WHAT IS REQUIRED: The full listing, exactly as written and with no images, is the expected output.
[Opening DATA RECORDS section]
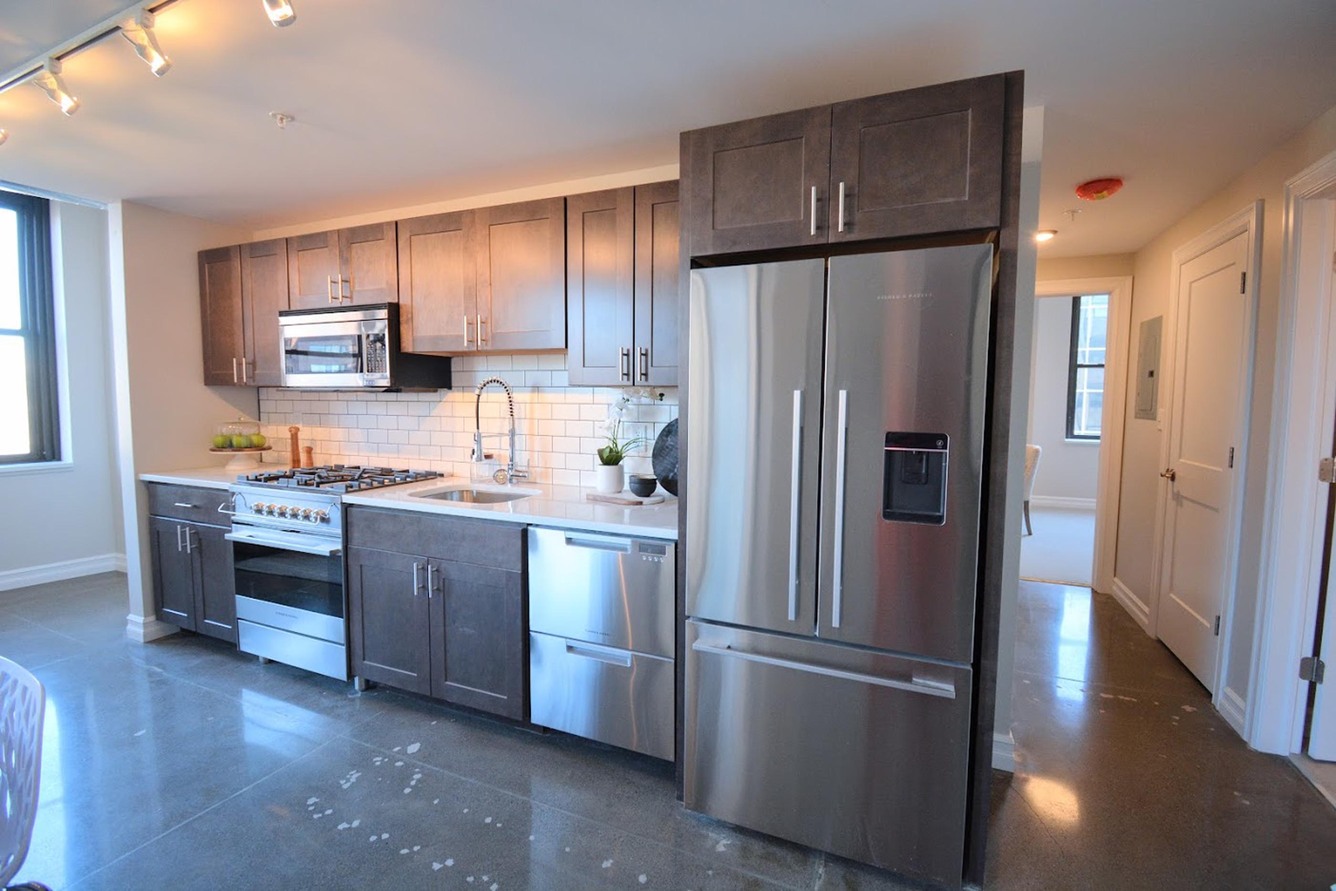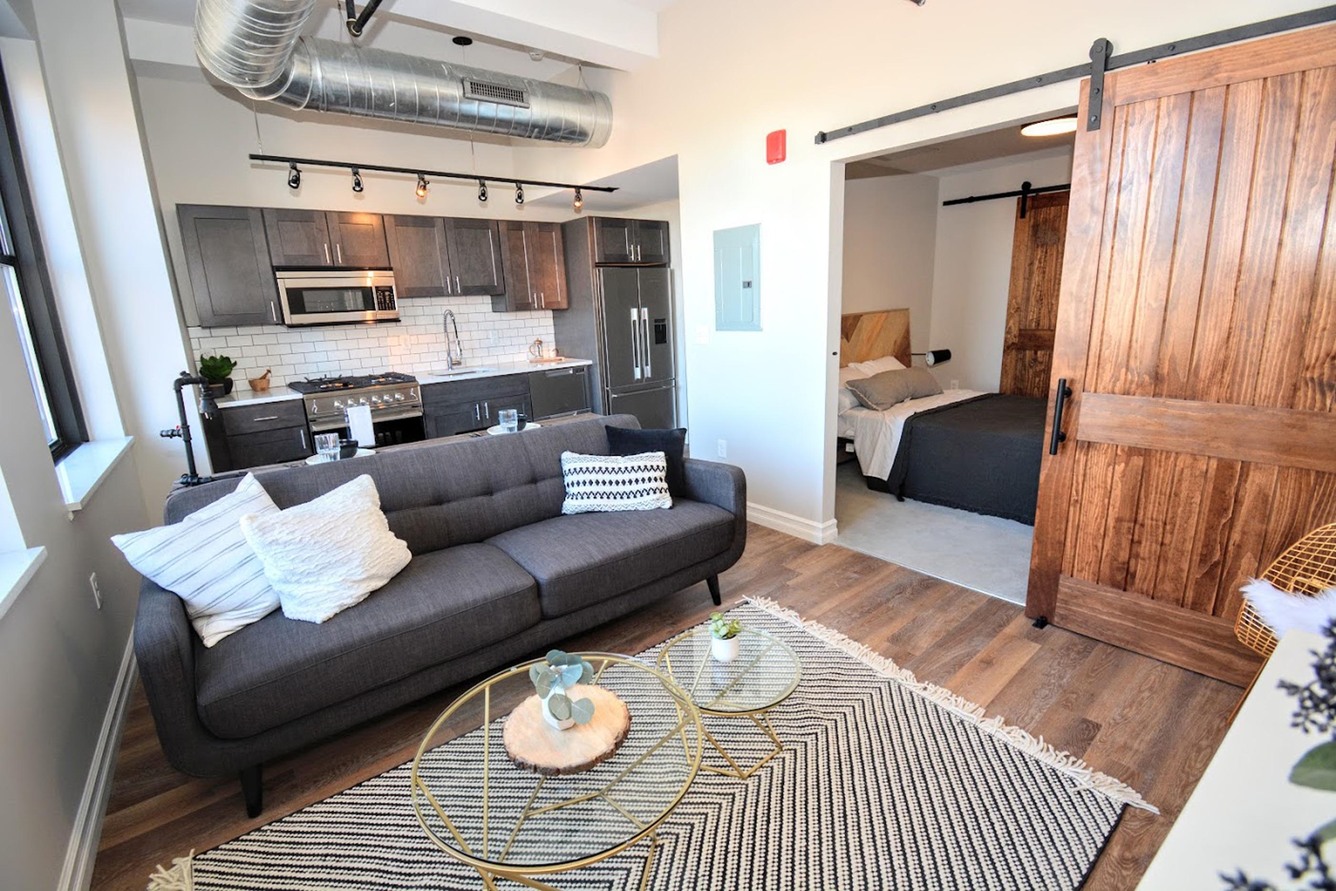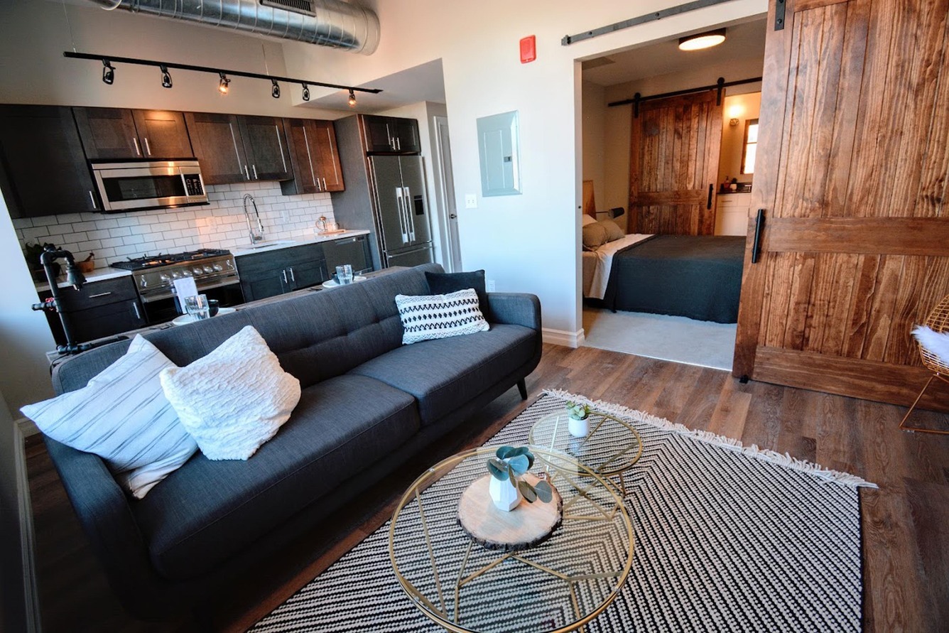 Inside every home, you’ll find open floor plans illuminated with natural light. Stunning finishes, such as hardwood and polished concrete floors and sliding barn doors, add modern character to every room, while high-end appliances, including a full-size washer and dryer, simplify your day-to-day. Just outside your front door, premium community amenities offer ultimate convenience. Work up a sweat in the fitness center before socializing with neighbors in the lounge. Along with a parking garage and free high-speed internet, you’ll appreciate trash and snow removal services and 24-hour emergency maintenance.
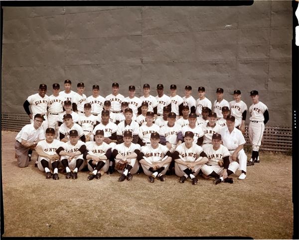 Great negative collection includes Giants team images from 1958 (6-first year color transparencies), 1959 (2), 1961, and 1967 (2). All are 4 x 5’’ except the 1967’s, which are 2.5 x 2.5’’. The 1958 team photos are especially impressive. NM-MT.
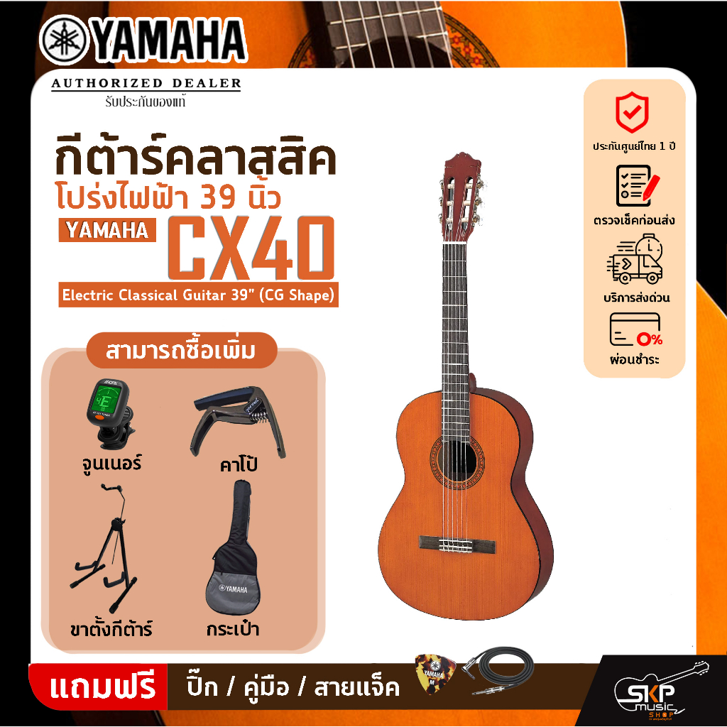 กีต้าร์คลาสสิค โปร่งไฟฟ้า 39 นิ้ว YAMAHA CX40 Electric Classical Guitar 39" (CG Shape)
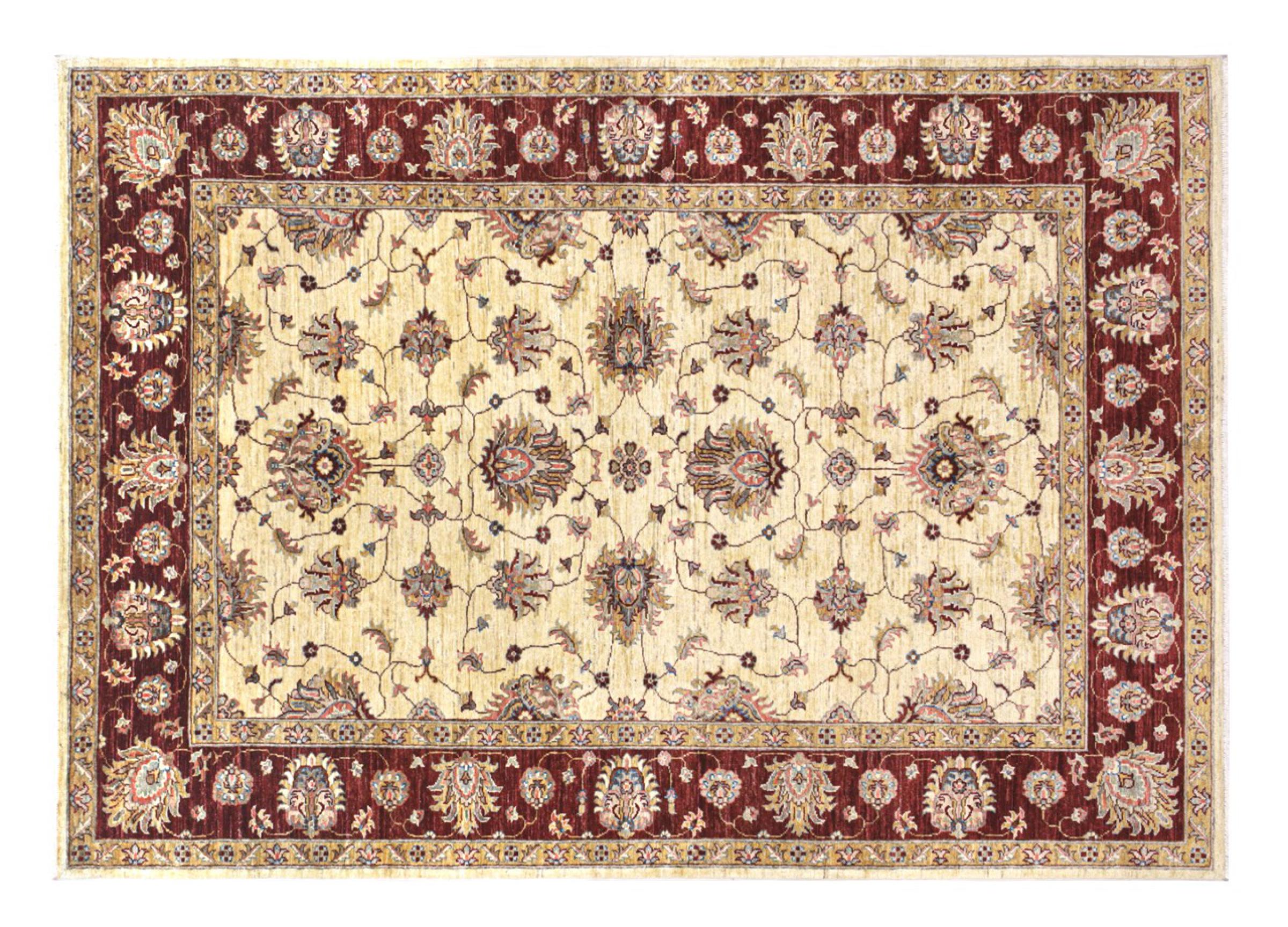 Nr.dywanu: 283332007514549 Wielkość: 244x173 cm Grubość: ok. 5 mm Gęstość tkania: 120 000 - 150 000 / m² Przetwarzanie: Ręcznie tkane Włosie: Wełna ręcznie przędzona Osnowa: Bawełna Pochodzenie: Afganistan Wiek: nowe Waga: ok. 13 kg Ilość w magazynie: Unikalny - Tylko 1 na składzie
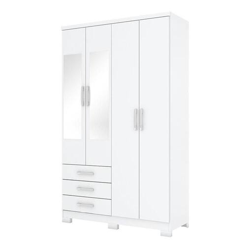 Guarda Roupa Solteiro Caju 4 Portas Branco com Espelho - Henn
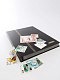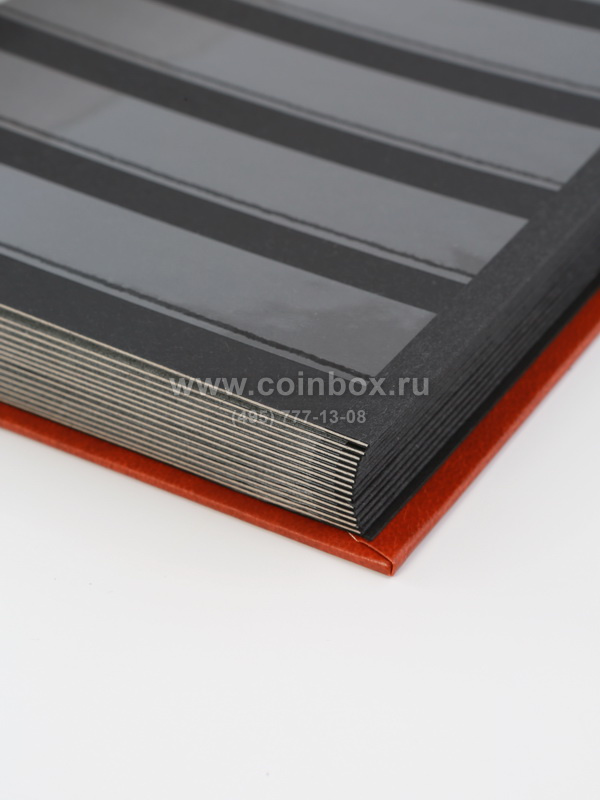 Внутри альбома находятся 16 листов (32 страницы), изготовленные из черного картона с прозрачными полосками (9 полосок из прозрачного пластика на каждой странице).
[Closing DATA RECORDS section]
OUTPUT FOR THIS EXERCISE:
 Inside every home, you’ll find open floor plans illuminated with natural light. Stunning finishes, such as hardwood and polished concrete floors and sliding barn doors, add modern character to every room, while high-end appliances, including a full-size washer and dryer, simplify your day-to-day. Just outside your front door, premium community amenities offer ultimate convenience. Work up a sweat in the fitness center before socializing with neighbors in the lounge. Along with a parking garage and free high-speed internet, you’ll appreciate trash and snow removal services and 24-hour emergency maintenance.
 Great negative collection includes Giants team images from 1958 (6-first year color transparencies), 1959 (2), 1961, and 1967 (2). All are 4 x 5’’ except the 1967’s, which are 2.5 x 2.5’’. The 1958 team photos are especially impressive. NM-MT.
 กีต้าร์คลาสสิค โปร่งไฟฟ้า 39 นิ้ว YAMAHA CX40 Electric Classical Guitar 39" (CG Shape)
 Nr.dywanu: 283332007514549 Wielkość: 244x173 cm Grubość: ok. 5 mm Gęstość tkania: 120 000 - 150 000 / m² Przetwarzanie: Ręcznie tkane Włosie: Wełna ręcznie przędzona Osnowa: Bawełna Pochodzenie: Afganistan Wiek: nowe Waga: ok. 13 kg Ilość w magazynie: Unikalny - Tylko 1 na składzie
 Guarda Roupa Solteiro Caju 4 Portas Branco com Espelho - Henn
 Внутри альбома находятся 16 листов (32 страницы), изготовленные из черного картона с прозрачными полосками (9 полосок из прозрачного пластика на каждой странице).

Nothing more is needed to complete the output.